Mycolactone is fairly nonspecific, allowing only a small group of proteins to get through Sec61 at all. But Enodia is trying to make Sec61 blockers that block only certain proteins from entering the endoplasmic reticulum. Instead of letting the channel get gummed up for every protein, Enodia is using artificial intelligence to design small molecules that recognize a peptide “zip code” on certain proteins and stop only them from getting through. These denied proteins could then be degraded by the proteasome, the cell’s trash compactor.

While protein degradation is not a new concept in medicine, Enodia’s strategy differs from other degradation methods in two important ways. First, Enodia’s small molecules are meant to target proteins earlier in their synthesis pathway, while degraders such as proteolysis-targeting chimeras (PROTACs) and molecular glues target them after they have been fully processed and secreted.

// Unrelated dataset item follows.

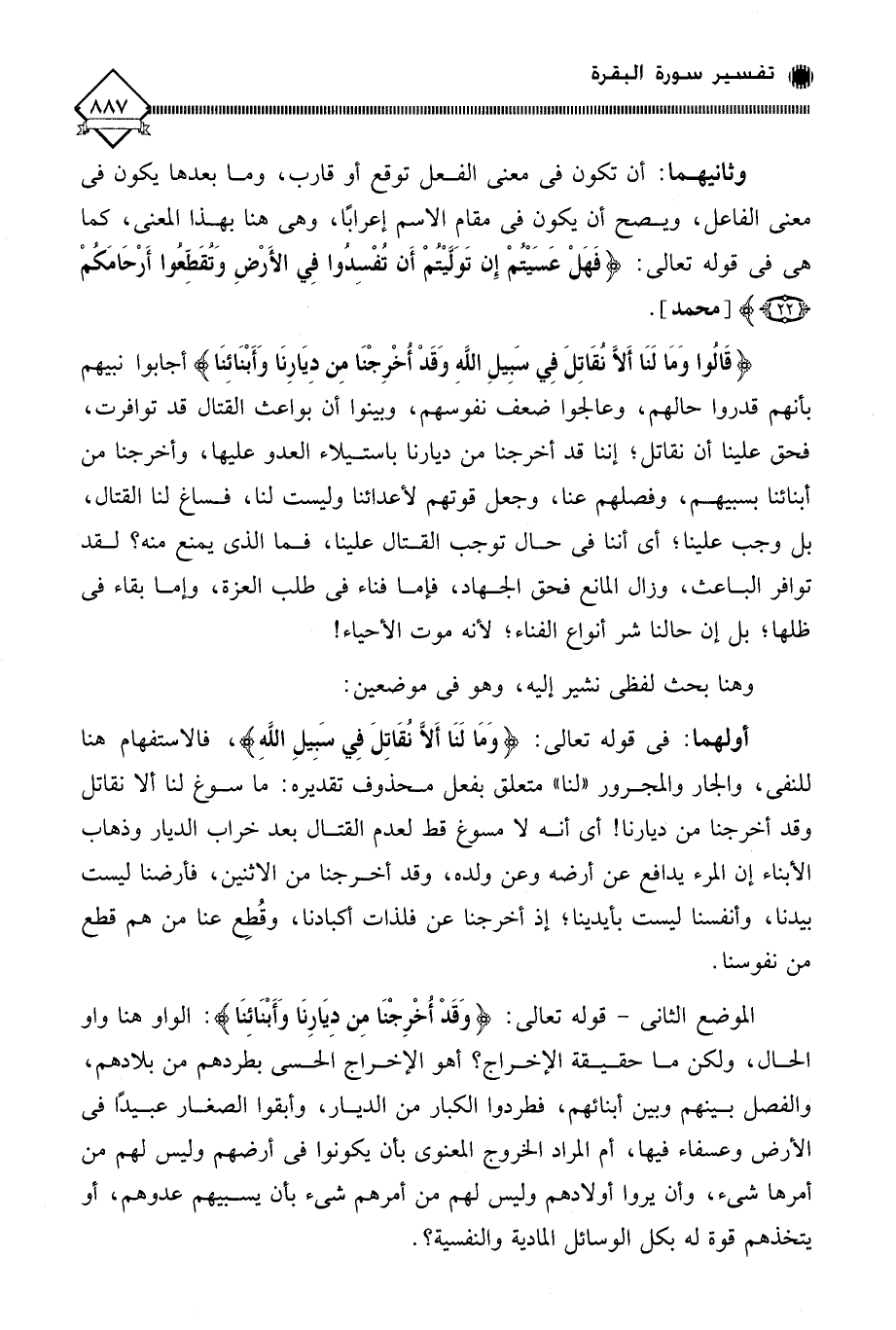 أولهما: في قوله تعالى: (وَمَا لَنَا أَلَّا نُقَاتِلَ فِي سَبِيلِ اللَّهِ)، فالاستفهام هنا للنفي، والجار والمجرور " لنا " متعلق بفعل محذوف تقديره: ما سوغ لنا ألا نقاتل وقد أخرجنا من ديارنا! أي أنه لَا مسوغ قط لعدم القتال بعد خراب الديار وذهاب الأبناء إن المرء يدافع عن أرضه وعن ولده، وقد أخرجنا من الاثنين، فأرضنا ليست بيدنا، وأنفسنا ليست بأيدينا؛ إذ أخرجنا عن فلذات أكبادنا، وقُطِع عنا من هم قطع من نفوسنا.

Second, it’s possible that one of Enodia’s designed Sec61 blockers could inhibit two proteins at once if it can recognize two signal peptides, while PROTACs and molecular glues can target only one protein at one time. But Enodia hasn’t definitively proven this in the lab.

While Demangel’s group initially focused on cancer, Enodia’s goal now is “to target one specific protein for one indication in autoimmunity and inflammation,” says Yves Ribeill, the firm’s CEO. Enodia, which was incubated by the biotech start-up studio Argobio and the Pasteur Institute, is raising a series A funding round. In the future, it will look for a pharmaceutical industry partner to develop a drug candidate.